Oszustwo na BLIK
"Masz może płatność blik? Opłacisz mi tym zamówienie, ja Ci oddam z nawiązką od siebie?" - z pozoru to zwyczajna wiadomość wysłana w mediach społecznościowych pomiędzy dwoma osobami.
Ma ta wiadomość sens? Dla osoby, która wielokrotnie przesyłała innej kod blik, pewnie tak. Jeżeli taką wiadomość otrzymasz po raz pierwszy, jak postąpisz? Jeśli nie zadzwonisz do swojego znajomego czy znajomej, by się upewnić, czy na pewno potrzebuje finansowej pomocy, możesz stracić np. kilkaset złotych. Z jednej strony - to niewiele. Z drugiej - jeżeli jednego dnia dziesiątki osób przekażą kodem blik pieniądze, to oszust ma żniwa i święta "na bogato".
Oszustwo metodą "na BLIK" polega na włamaniu się i przejęciu konta na portalu społecznościowym (np. Facebooku). Czy to skomplikowane? Dla złodzieja nie. Po przejęciu "tożsamości", oszust pisze do znajomych właściciela konta o udostępnienie kodu BLIK. Osoba, logując się do swojego banku, musi wygenerować w aplikacji kod do płatności telefonem, a następnie przesłać go „znajomemu”. Czyni to, bo myśli, że pomaga znajomemu. W praktyce - przesyła pieniądze oszustowi. Po złodzieju ślad szybko znika, tak samo, jak po pieniądzach.
Co zrobić, aby nie paść ofiarą takiego oszustwa?
- stosuj dwuskładnikowe uwierzytelnienie swoich kont społecznościowych (wówczas o wiele trudniej przejąć konto - zalogowanie się wymaga potwierdzenia SMS),
- potwierdzaj tożsamość „znajomych”, którzy piszą do Ciebie przez internetowe komunikatory - najlepiej zadzwonić. Takie połączenie zajmie kilkadziesiąt sekund, a tym samym zyskujesz pewność, że znajomy rzeczywiście jest w potrzebie i to właśnie jemu, a nie oszustowi przekazujesz pieniądze,
- sprawdź dane transakcji przed jej zatwierdzeniem w aplikacji bankowości mobilnej (przestępca nie skorzysta z kodu, dopóki nie potwierdzisz transakcji na swoim telefonie),
- chroń swój telefon, a szczególnie PIN do aplikacji mobilnej banku.
Oszustwo na pracownika banku
Masz w swoim telefonie zapisany numer infolinii swojego banku?
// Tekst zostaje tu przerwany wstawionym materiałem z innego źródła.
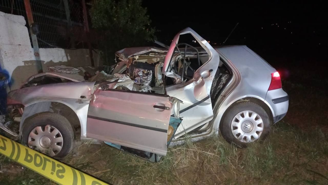 Çarpışmanın etkisiyle sürüklenen otomobil duvara çarptı.
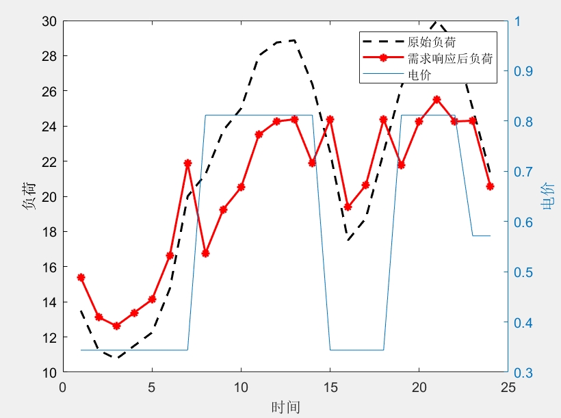 最后,代码通过绘图直观地对比了需求响应前后的负荷曲线,并在同一图中展示了分时电价的变化,清晰地呈现了电价信号如何有效引导负荷从高峰时段向平、谷时段转移,从而达到“削峰填谷”的优化目标。
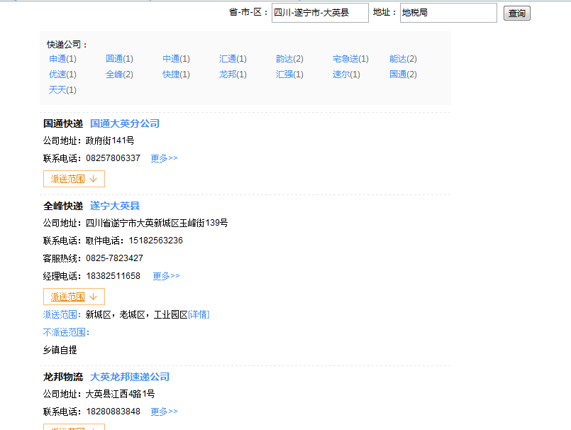 基于kuaidi100数据,查询快递网点的数据 对于做电商的可能有点用.可以做一个选择省市区的JS选择插件,也可以扒kuaidi100的,我这个显示有些样式问题,还有些JS没做判断,需要的同学自
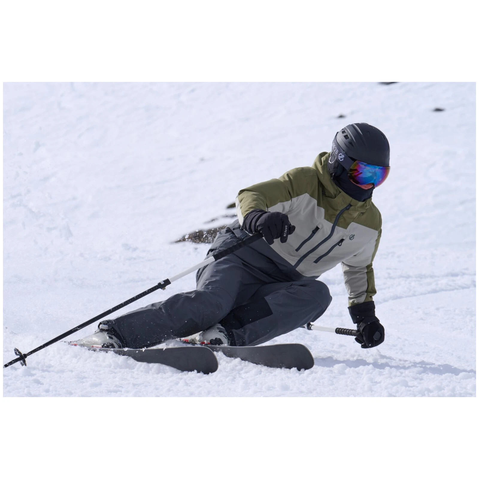 Kurtka oferuje wszystkie ważne elementy: kieszeń na karnet narciarski, stały pas śnieżny, wewnętrzną kieszeń z siatki ze ściereczką do okularów oraz odpinany techniczny kaptur z regulowanym ściągaczem i drucianym daszkiem. Kominiarka jest dodatkowo kompatybilna z kaskiem.

Bardzo dobrze. Niestety, wiedzą też o tym przestępcy. Mają takie zdolności, by podszyć się pod każdy numer telefonu - rodziny, bliskich, znajomych, ale także ten z twojego banku.Widzisz na wyświetlaczu telefonu słowo "Infolinia" - myślisz, że to pracownik banku? To może być on, ale wcale nie musi. Pokazują to przykłady z ostatnich miesięcy.
Przestępca przywita się. Będzie kulturalny. Zależy mu na jednym. Chce wprowadzić Ciebie w stan poczucia zagrożenia, zaniepokojenia, zmartwienia lub zaciekawienia. Poinformuje np., że ktoś chciał dokonać transakcji z Twojego konta. Oszust mówi po polsku, ale słychać jego wschodni akcent. Jego celem jest pozyskanie poufnych informacji (loginu i hasła do bankowości internetowej, kodów BLIK, danych dotyczących karty płatniczej) lub nakłonienie Ciebie do wykonania określonych czynności (np. zainstalowania aplikacji dającej przestępcom zdalny dostęp do Twojego komputera lub telefonu). Oto przykłady.
Grafika: policja.pl
Jeśli zaistalujesz aplikację zdalnego pulpitu, po czym zalogujesz do swojego konta, pieniądze znikną bardzo szybko, nawet nie będziesz wiedział, kiedy. Boleśnie przekonała się o tym mieszkanka sąsiedniego powiatu trzebnickiego. Na początku grudnia tego roku straciła sześć tysięcy złotych.
- Do pokrzywdzonej zadzwonił telefon. Mężczyzna, który znajdował się po drugiej stronie słuchawki, przedstawił się jako pracownik banku - opisuje st. asp. Daria Szydłowska, oficer prasowa Komendy Powiatowej Policji w Trzebnicy. - Oszust poinformował swoją rozmówczynię, że jej środki na koncie są zagrożone. Aby zapobiec utracie pieniędzy, miała ona pobrać na swój telefon aplikację, która umożliwi mu dostęp do jej ekranu, a co za tym idzie dostęp do bankowości elektronicznej. Mężczyzna sprawiał wrażenie osoby profesjonalnej, chcącej uchronić swojego klienta przed utratą środków. Dlatego kobieta, nic nie podejrzewając, postępowała zgodnie z poleceniami. W pewnym momencie prowadzący rozmowę poinformował swoją rozmówczynię, że chce sprawdzić konto, czy wszystko zostało wykonane zgodnie z prowadzoną procedurą i w tym momencie zostanie wygenerowany kod BLIK. Rzekomy konsultant zasugerował kobiecie, aby potwierdziła transakcję w telefonie i oczekiwała na komunikat, który potwierdzi zakończenie skanowania jej telefonu. W tym momencie mężczyzna rozłączył połączenie. Po upływie kilkudziesięciu minut kobieta zalogowała się do swojego konta bankowości elektronicznej. Z jej konta zniknęło 6 tysięcy złotych - podsumowuje policjantka.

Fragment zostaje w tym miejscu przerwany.